- Required action
I'd like the entries reproduced exactly, with all pictures omitted.

- Given information

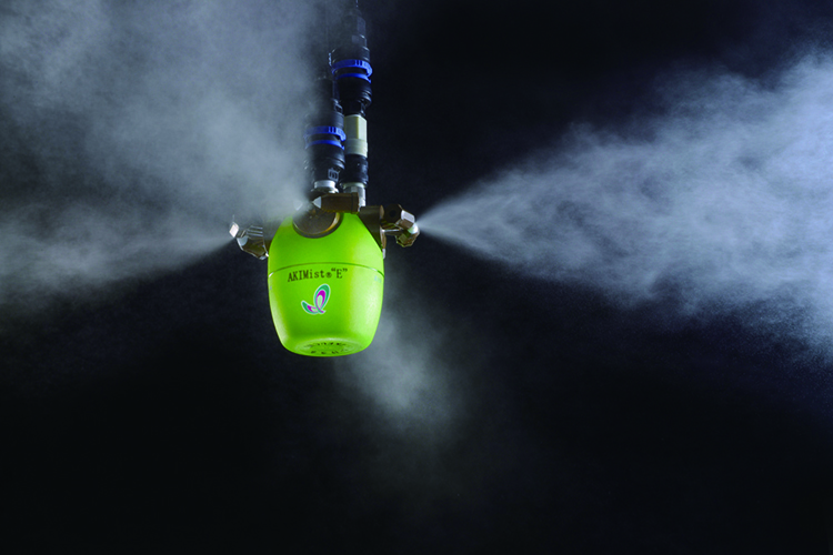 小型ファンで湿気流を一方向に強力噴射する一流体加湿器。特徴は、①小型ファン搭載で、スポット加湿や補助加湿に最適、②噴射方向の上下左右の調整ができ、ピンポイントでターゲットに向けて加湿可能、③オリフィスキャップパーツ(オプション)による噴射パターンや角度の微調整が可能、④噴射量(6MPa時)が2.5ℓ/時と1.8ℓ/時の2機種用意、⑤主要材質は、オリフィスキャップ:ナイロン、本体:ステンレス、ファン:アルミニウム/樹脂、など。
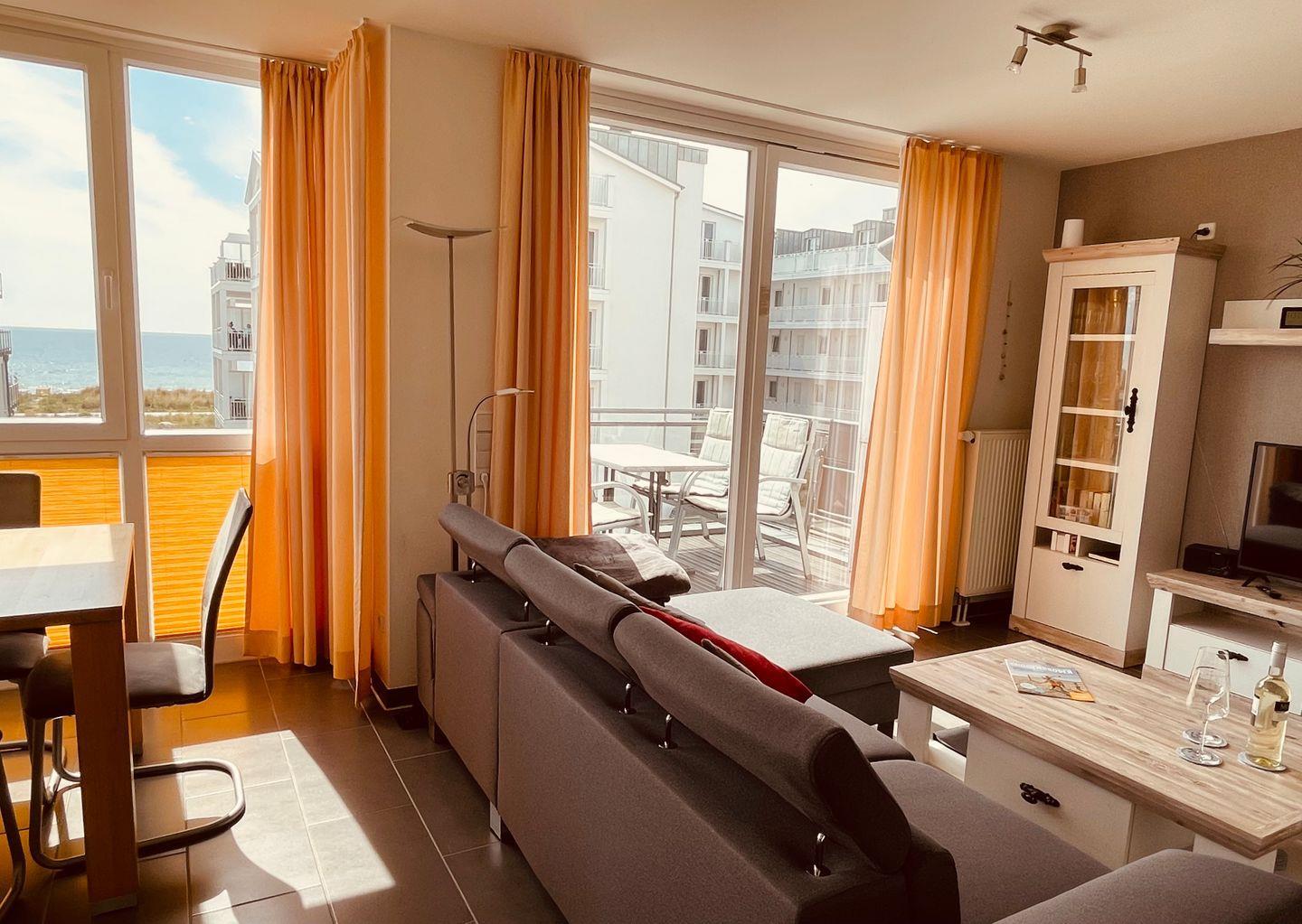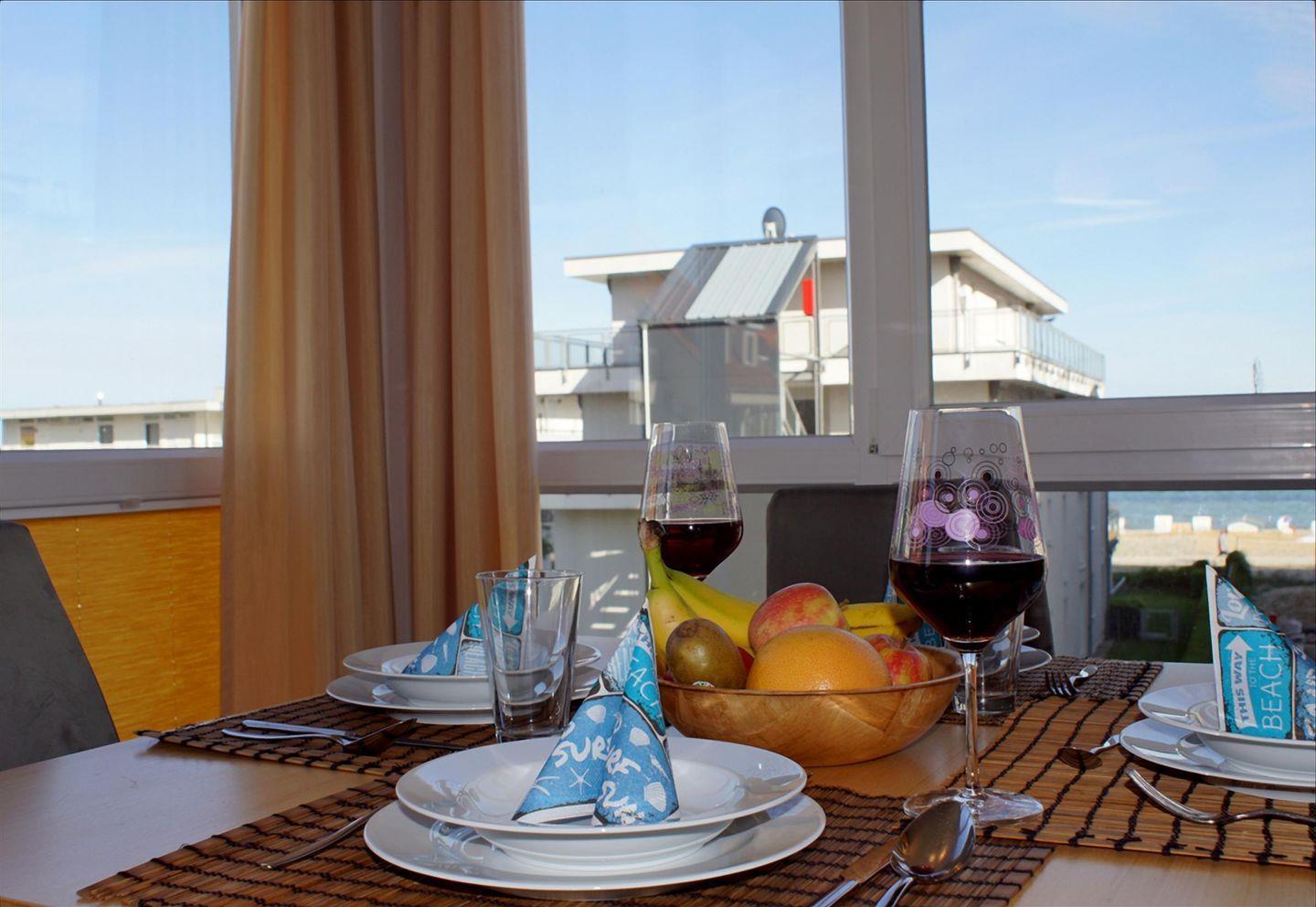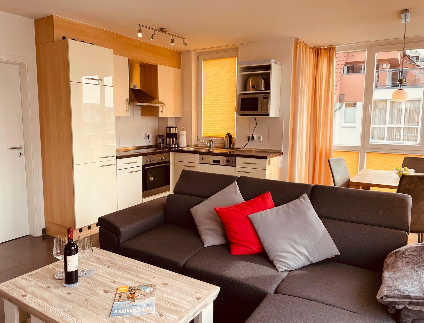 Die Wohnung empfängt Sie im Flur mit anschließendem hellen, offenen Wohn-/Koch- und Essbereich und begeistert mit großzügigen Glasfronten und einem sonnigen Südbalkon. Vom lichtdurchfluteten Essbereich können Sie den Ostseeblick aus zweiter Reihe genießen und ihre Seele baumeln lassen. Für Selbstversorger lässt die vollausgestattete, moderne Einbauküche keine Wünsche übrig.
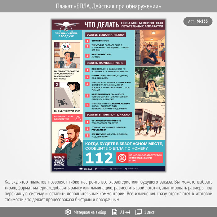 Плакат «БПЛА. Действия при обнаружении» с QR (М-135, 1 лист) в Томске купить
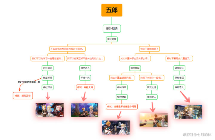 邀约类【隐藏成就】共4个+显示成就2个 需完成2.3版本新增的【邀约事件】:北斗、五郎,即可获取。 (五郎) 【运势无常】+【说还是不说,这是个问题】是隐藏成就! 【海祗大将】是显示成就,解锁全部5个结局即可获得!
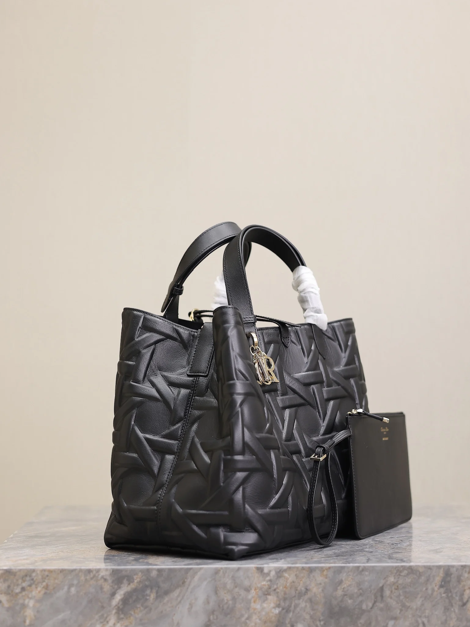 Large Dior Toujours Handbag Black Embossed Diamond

- Task response
 小型ファンで湿気流を一方向に強力噴射する一流体加湿器。特徴は、①小型ファン搭載で、スポット加湿や補助加湿に最適、②噴射方向の上下左右の調整ができ、ピンポイントでターゲットに向けて加湿可能、③オリフィスキャップパーツ(オプション)による噴射パターンや角度の微調整が可能、④噴射量(6MPa時)が2.5ℓ/時と1.8ℓ/時の2機種用意、⑤主要材質は、オリフィスキャップ:ナイロン、本体:ステンレス、ファン:アルミニウム/樹脂、など。
 Die Wohnung empfängt Sie im Flur mit anschließendem hellen, offenen Wohn-/Koch- und Essbereich und begeistert mit großzügigen Glasfronten und einem sonnigen Südbalkon. Vom lichtdurchfluteten Essbereich können Sie den Ostseeblick aus zweiter Reihe genießen und ihre Seele baumeln lassen. Für Selbstversorger lässt die vollausgestattete, moderne Einbauküche keine Wünsche übrig.
 Плакат «БПЛА. Действия при обнаружении» с QR (М-135, 1 лист) в Томске купить
 邀约类【隐藏成就】共4个+显示成就2个 需完成2.3版本新增的【邀约事件】:北斗、五郎,即可获取。 (五郎) 【运势无常】+【说还是不说,这是个问题】是隐藏成就! 【海祗大将】是显示成就,解锁全部5个结局即可获得!
 Large Dior Toujours Handbag Black Embossed Diamond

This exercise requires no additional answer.